The Big Picture
Repowise takes a codebase and produces a living wiki — AI-generated documentation that stays current as the code changes. Each layer has a single responsibility and a clear boundary.
Single responsibility per layer
Ingestion, generation, and persistence are fully decoupled.
Swap the LLM provider without touching core
The LLM abstraction is isolated behind a provider interface.
Change the database without touching generation
Persistence is accessed through a repository pattern.
Replace the frontend without touching persistence
The API is the only contract between UI and data.
Ingestion Pipeline
The ingestion pipeline turns raw source code into structured data. Five components run in sequence.
FileTraverser
Walks the directory tree and applies three filter layers to find only documentable files.
ASTParser
Extracts functions, classes, imports, and exports from 9+ languages using tree-sitter queries with unified capture names.
@symbol.def — full definition node (provides line numbers) @symbol.name — the name identifier @symbol.params — parameter list @symbol.modifiers — decorators, visibility keywords @import.statement — full import node @import.module — the module path being imported
Adding a new language requires only one .scm query file and one entry in LANGUAGE_CONFIGS.
GitIndexer
Extracts ownership, churn, co-change relationships, and significant commits from git history using a single git log pass — O(1) processes instead of O(N).
| Category | Metric | What it tells you |
|---|---|---|
| Timeline | commit_count_90d, age_days | How active the file is |
| Ownership | primary_owner, bus_factor | Who knows this code, single points of failure |
| Churn | churn_percentile, is_hotspot | How volatile — risky to change |
| Co-change | co_change_pairs | What files change together (invisible coupling) |
ChangeDetector
After the initial indexing, ChangeDetector determines what to regenerate on each update run.
Generation Pipeline
The generation pipeline takes ingested data and produces wiki pages using LLMs.
Page Types & Levels
Repowise generates 10 page types in 8 ordered levels.
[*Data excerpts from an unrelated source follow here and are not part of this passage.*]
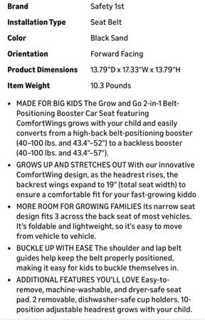 New 21zero-five71-442seven (text only) (cash only) Safety 1st Grow and Go 2-in-1 Booster Car Seat with ComfortWings, Converts High-Back to Backless, 19" Wide, Fits 3 Across, Lightweight, Foldable,...
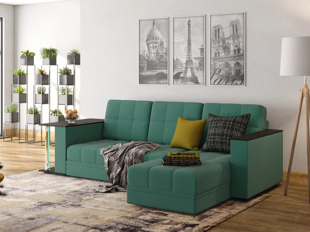 - Диван угловой Атлант со столиком велюр Neo 23 грин зеленый
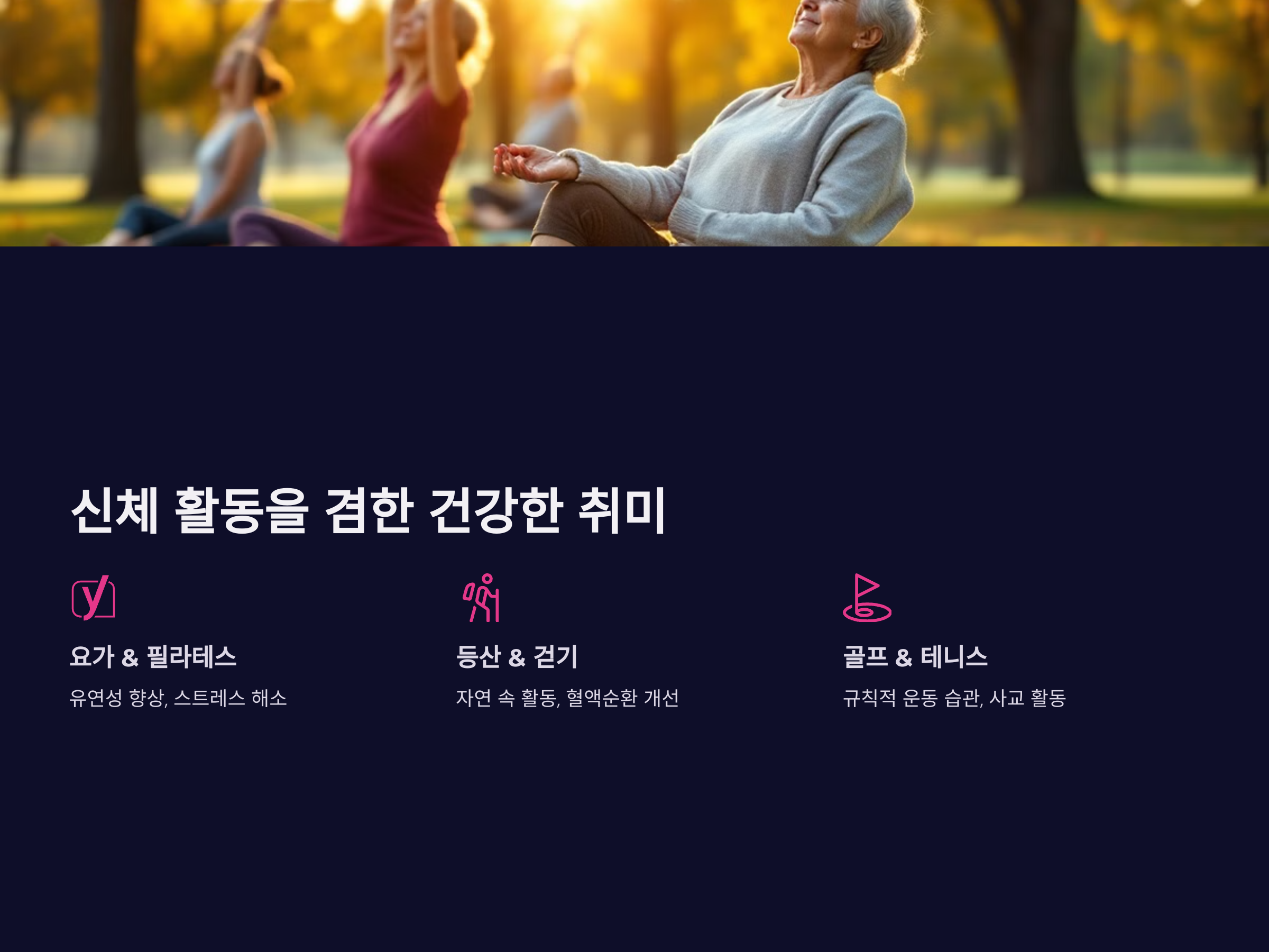 활동적인 취미(예: 등산, 요가, 수영 등)는 신체 건강을 유지하는 데 도움이 됩니다. 운동 부족은 노화 속도를 빠르게 할 수 있기 때문에 꾸준한 신체 활동이 필요합니다.

Later levels depend on earlier ones — a module page references the file pages inside it.
| Level | Page Type | Description |
|---|---|---|
| 0 | api_contract | API definitions (OpenAPI, Proto, GraphQL) |
| 1 | symbol_spotlight | Individual important symbols |
| 2 | file_page | Individual code files (most common) |
| 3 | scc_page | Circular dependency documentation |
| 4 | module_page | Directory-level summaries |
| 5 | cross_package | Inter-package boundaries (monorepos) |
| 6 | repo_overview | Repo-wide summary |
| 6 | architecture_diagram | Mermaid dependency diagram |
| 7 | infra_page | Dockerfiles, Makefiles, Terraform |
| 7 | diff_summary | Change summaries |
ContextAssembler
Each page type has a ContextAssembler method that builds everything the LLM needs to know. Context is rendered into Jinja2 templates and token-budgeted to fit the LLM window.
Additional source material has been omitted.